SEM images of Accurel PP V8/2 HF with deposit formed during separation of OW1 wastewater: a membrane surface; b deposit: magnification 20,000×, c membrane cross-section with deposit

After a further continuation of MD process, the process efficiency was again gradually decreased during the consecutive 180 h, although this decline of the permeate flux was definitely slower, e.g., from 2.68 to 2.3 L/m2h (S6/2). A similarly slower decline of the process efficiency was observed after performing the second cleaning of modules (Fig. 5, point R2).

The results presented in Fig. 5 indicate, that not only the process time and the degree of feed concentration, but also a volume of fresh wastewater added to the feed had influence on the fouling intensity. The initial volume of feed amounted to 4 L, and the permeate volume obtained during 24 h of MD process amounted to 0.4–0.6 L. The losses of feed volume were periodically supplemented by adding OW2 wastewater (Fig. 5, points VF). The largest decline of efficiency was noted at the initial period, when a large volume of wastewater (4L) was heated to 323 K. A periodical dosage of smaller volumes of wastewater OW2 to thermally stabilized feed did not cause a significant reduction of the permeate flux. A similar effect (larger flux decrease) was observed when the concentrated feed was removed from installation and was exchanged by a new portion of wastewater (4L) (Fig. 5, from 1214 h). The applied periodic addition of OW2 wastewater caused the layers of deposit growth can be distinguished in the sediment structure (Fig. 9c). Such a result indicates that the application of thermal pre-treatment of tested wastewaters could cause a decline of the membrane fouling intensity during MD process.

The obtained results demonstrated that the formation of a significant amount of the sludge deposit on the membrane surfaces takes place during oily wastewater separation by MD process. The majority of sludge can be removed using a cyclic rinsing of the modules with water. However, the effectiveness of washing procedure was reduced (Fig. 5, points R1–R3), due to the occurrence of the membrane scaling besides the formation of organic deposit. The accumulation of CaCO3 scaling layer (Fig. 9c) caused a decline of the permeate flux by more than 40%. A rinsing of the membranes with HCl solution is a good solution in the case of CaCO3 scaling. The application of 5 wt% acid solution allowed to clean the membrane surfaces in a few minutes, and as a result, the permeate flux was increased to almost the initial values (Fig. 5, from 1450 h).

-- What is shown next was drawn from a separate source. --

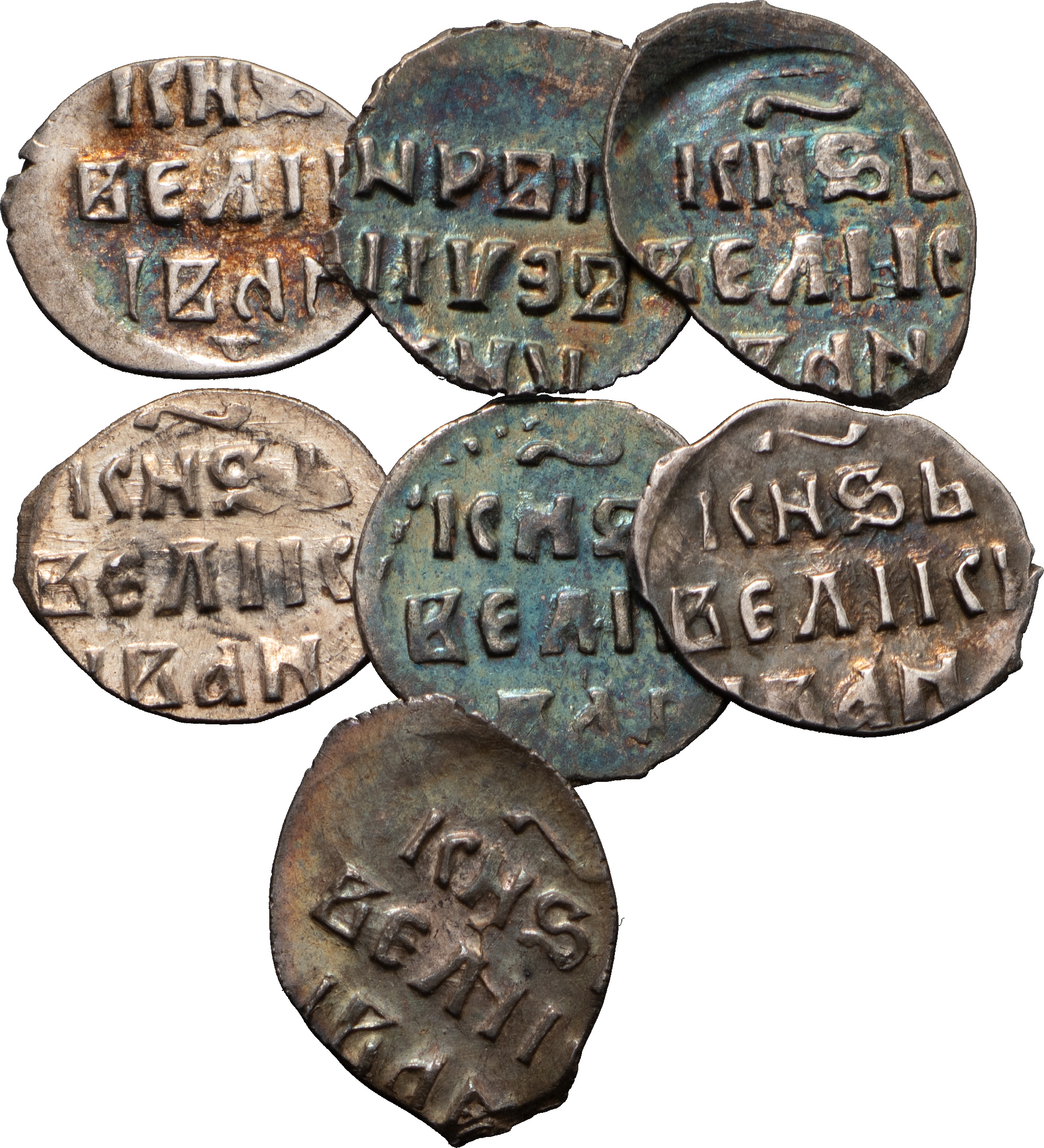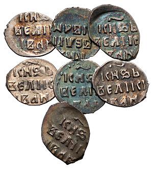 Лот из 7 проволочных серебряных монет: Князь Иван IV Васильевич (1533–1584)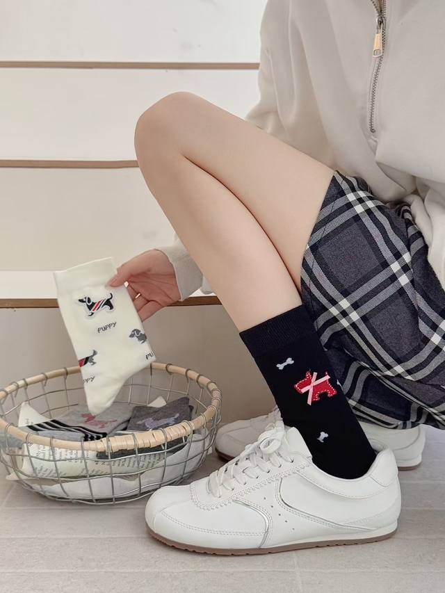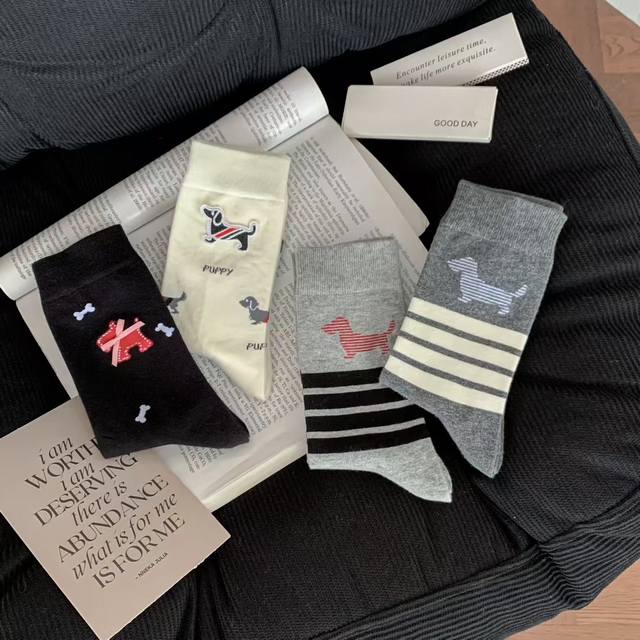 Comes in a box of four pairs of Thom Browne Tb super popular online celebrity mid-tube socks. The classic three-stripe design with a puppy design is highly recommended by Instagram celebrities and online celebrities. Made of combed cotton, it is light, soft and breathable, suitable for all seasons. It is a must-have for European and American street brands.

The performed studies demonstrated that the MD process can be used for the treatment of saline oily wastewaters. The obtained degree of retention amounted to 98% for the inorganic compounds and more than 99% for the organic compounds.

It was confirmed that the membrane wall thickness has a significant effect on the MD process performance. A much better quality of the distillate was obtained for Accurel PP V8/2 HF membrane, which had four times thicker walls compared to Accurel PP S6/2 membrane.

The formation of substantial amounts of deposits on the membrane surface was observed during the MD process, hence, the process efficiency was reduced by 20–40% during 150–200 h of process operation. A decline of efficiency was limited by the application of a periodical rinsing of the membranes. Besides the formation of organic deposits on the membrane surface, the membrane scaling was also observed. The deposit of precipitated salts contained mainly CaCO3, and it can be effectively removed by rinsing the MD membranes with a 5 wt% HCl solution.